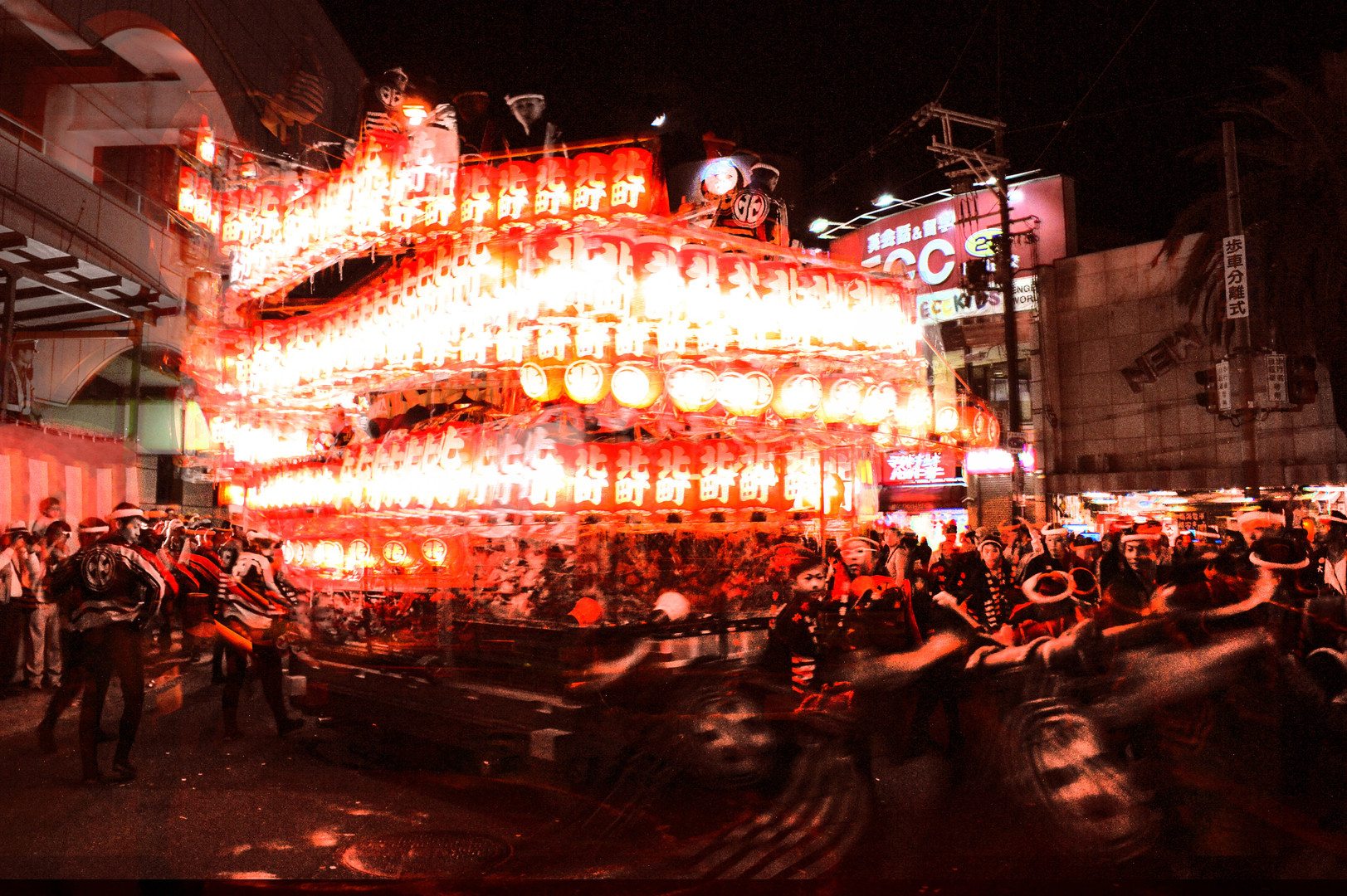 宵宮の灯入れ曵行時の「やりまわし」風景(レイヤー3枚多重合成)
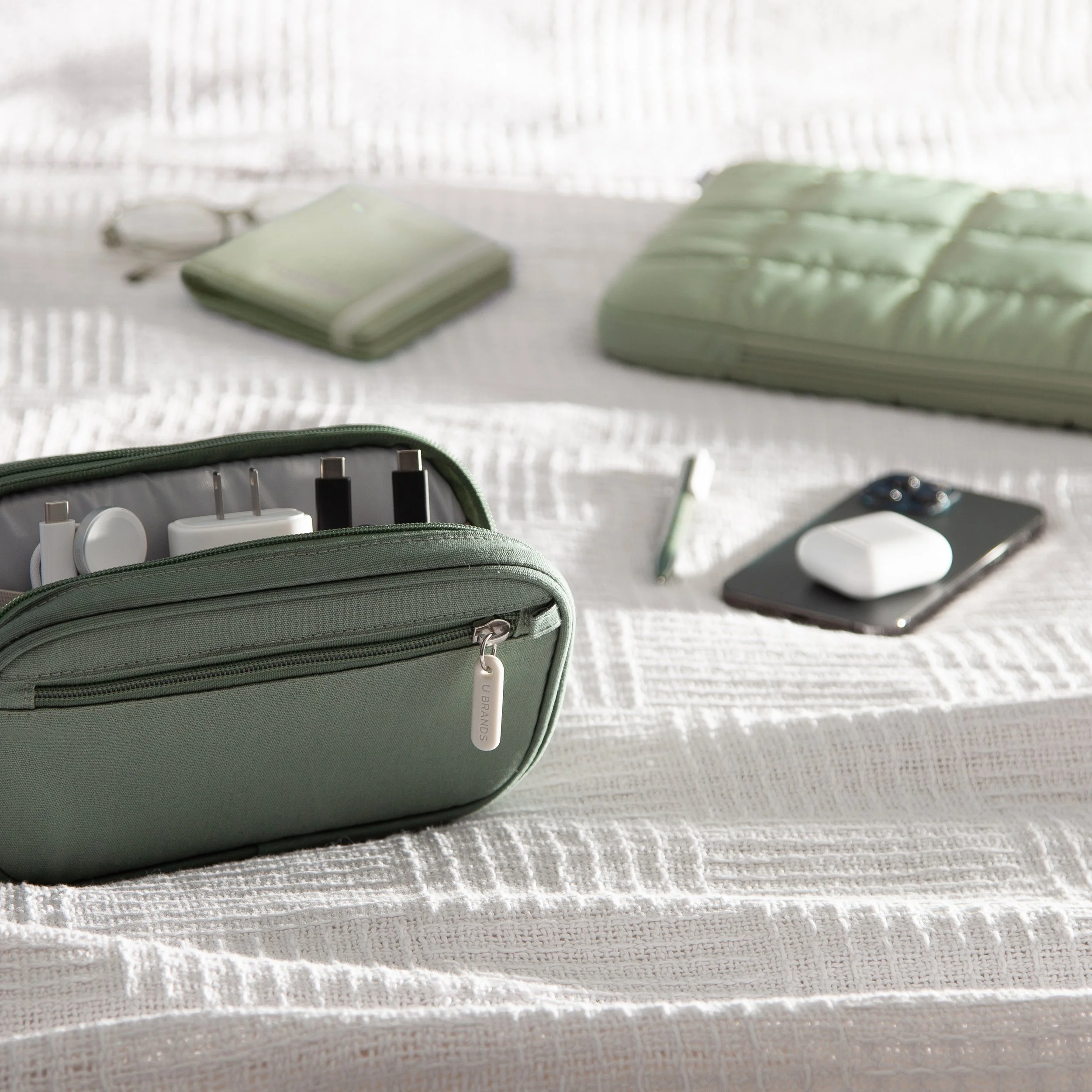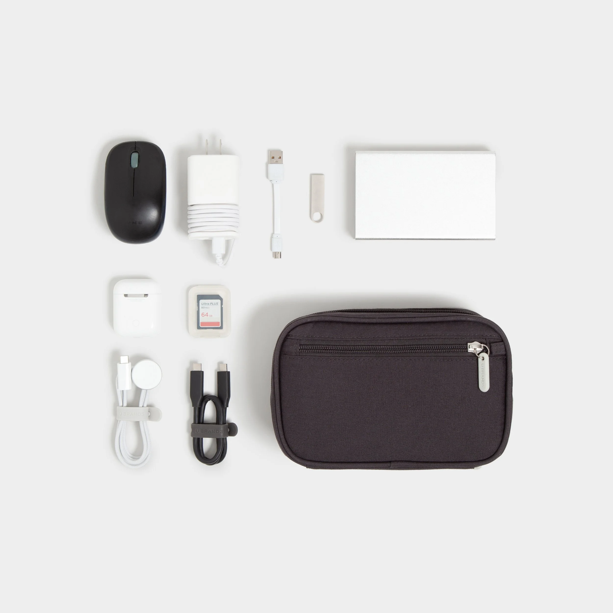 The Tech Pouch provides a catch-all solution for on-the-go tech essentials. Designed for transporting vital powered items, the pouch contains a variety of pockets and compartments for protected storage. A unique dual-zip design allows for easy access and organization. Elastic gussets allow the pouch to expand in order to store larger items. The pouch is constructed from durable waxed canvas, lined with padding for protection from drops and spills.
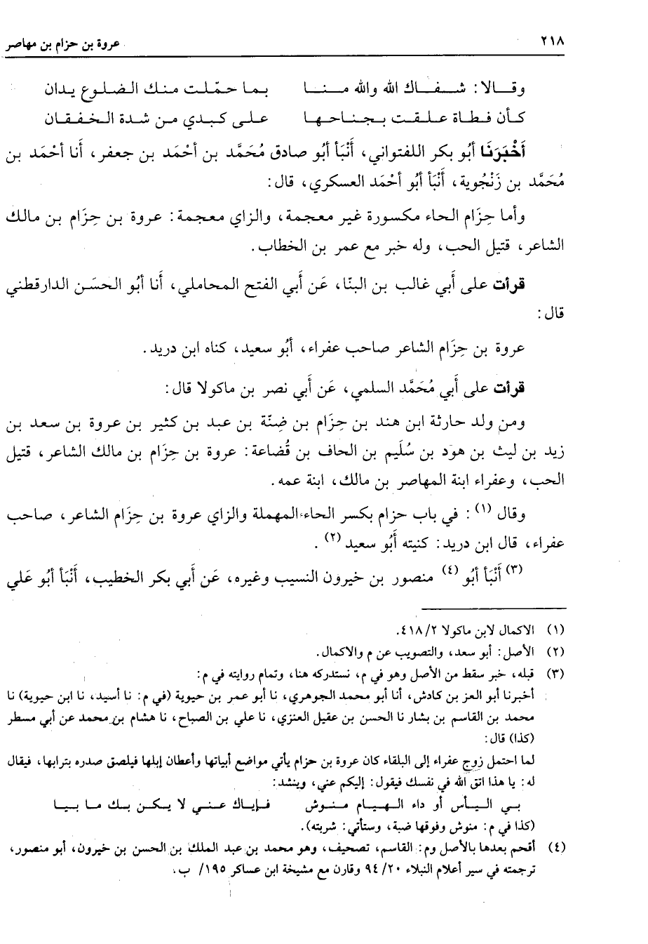 وقالا شفاك الله والله منا * بما حملت منك الضلوع يدان كأن فطاة علقت بجناحها * على كبدي من شدة الخفقان * أخبرنا أبو بكر اللفتواني أنبأ أبو صادق محمد بن أحمد بن جعفر أنا أحمد بن محمد بن زنجوية أنبأ أبو أحمد العسكري قال وأما حزام الحاء مكسورة غير معجمة والزاي معجمة عروة بن حزام بن مالك الشاعر قتيل الحب وله خبر مع عمر بن الخطاب قرأت على أبي غالب بن البنا عن أبي الفتح المحاملي أنا أبو الحسن الدارقطني قال عروة بن حزام الشاعر صاحب عفران أبو سعيد كناه ابن دريد قرأت على أبي محمد السلمي عن أبي نصر بن ماكولا قال ومن ولد حارثة ابن هند بن حزام بن ضنة بن عبد بن كثير بن عروة بن سعد بن زيد بن ليث بن هود بن سليم بن الحاف بن قضاعة عروة بن حزام بن مالك الشاعر قتيل الحب وعفراء ابنة المهاصر بن مالك ابنة عمه وقال (1) في باب حزام بكسر الحاء المهملة والزاي عروة بن حزام الشاعر صاحب عفراء قال ابن دريد كنيته أبو سعيد (2) أنبأ (3) أبو (4) منصور بن خيرون النسيب وغيره عن أبي بكر الخطيب أنبأ أبو علي
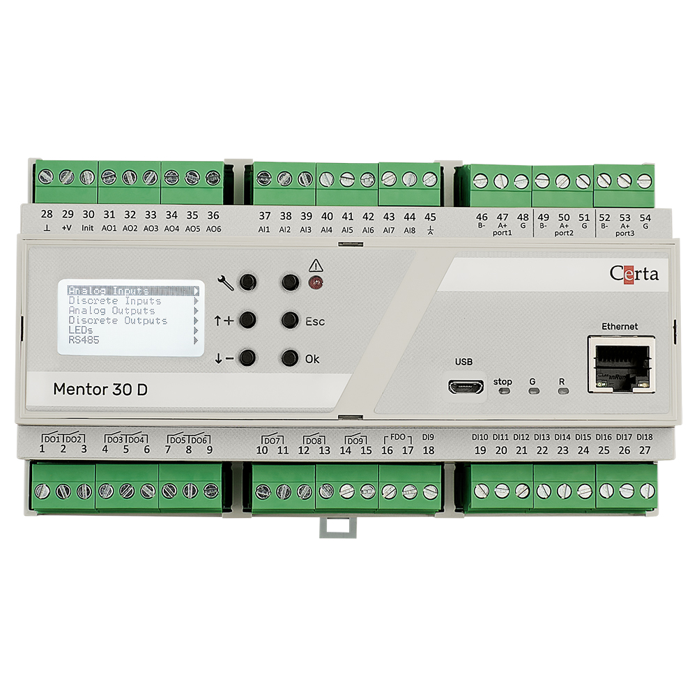 - Можливість підключення підпорядкованих пристроїв (модулі вводу/виводу, частотні перетворювачі, інтелектуальні датчики тощо) за протоколом MODBUS RTU (режим Master);
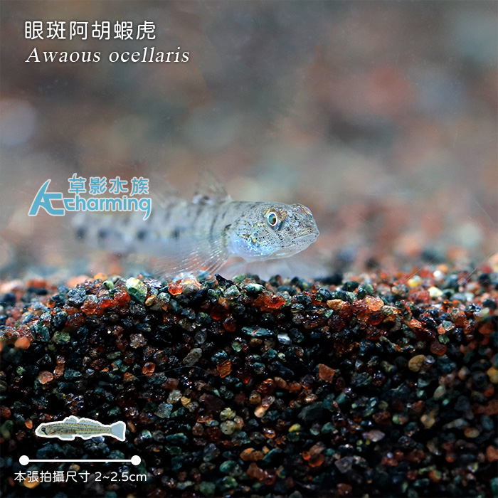 商品屬性 [國際學名] Awaous ocellaris [販賣大小] 約2~2.5cm [活體補償] 1. 魚蝦叨穩後出貨,如有運送途中造成死亡,當次死亡於下次訂購時補償,所有螺類部分均無提供補償。

What this task involves: What you give back must match the lines from the start of the records through the line that contains "The Tech Pouch", exactly, with the pictures left out.

Result:
 宵宮の灯入れ曵行時の「やりまわし」風景(レイヤー3枚多重合成)
 The Tech Pouch provides a catch-all solution for on-the-go tech essentials. Designed for transporting vital powered items, the pouch contains a variety of pockets and compartments for protected storage. A unique dual-zip design allows for easy access and organization. Elastic gussets allow the pouch to expand in order to store larger items. The pouch is constructed from durable waxed canvas, lined with padding for protection from drops and spills.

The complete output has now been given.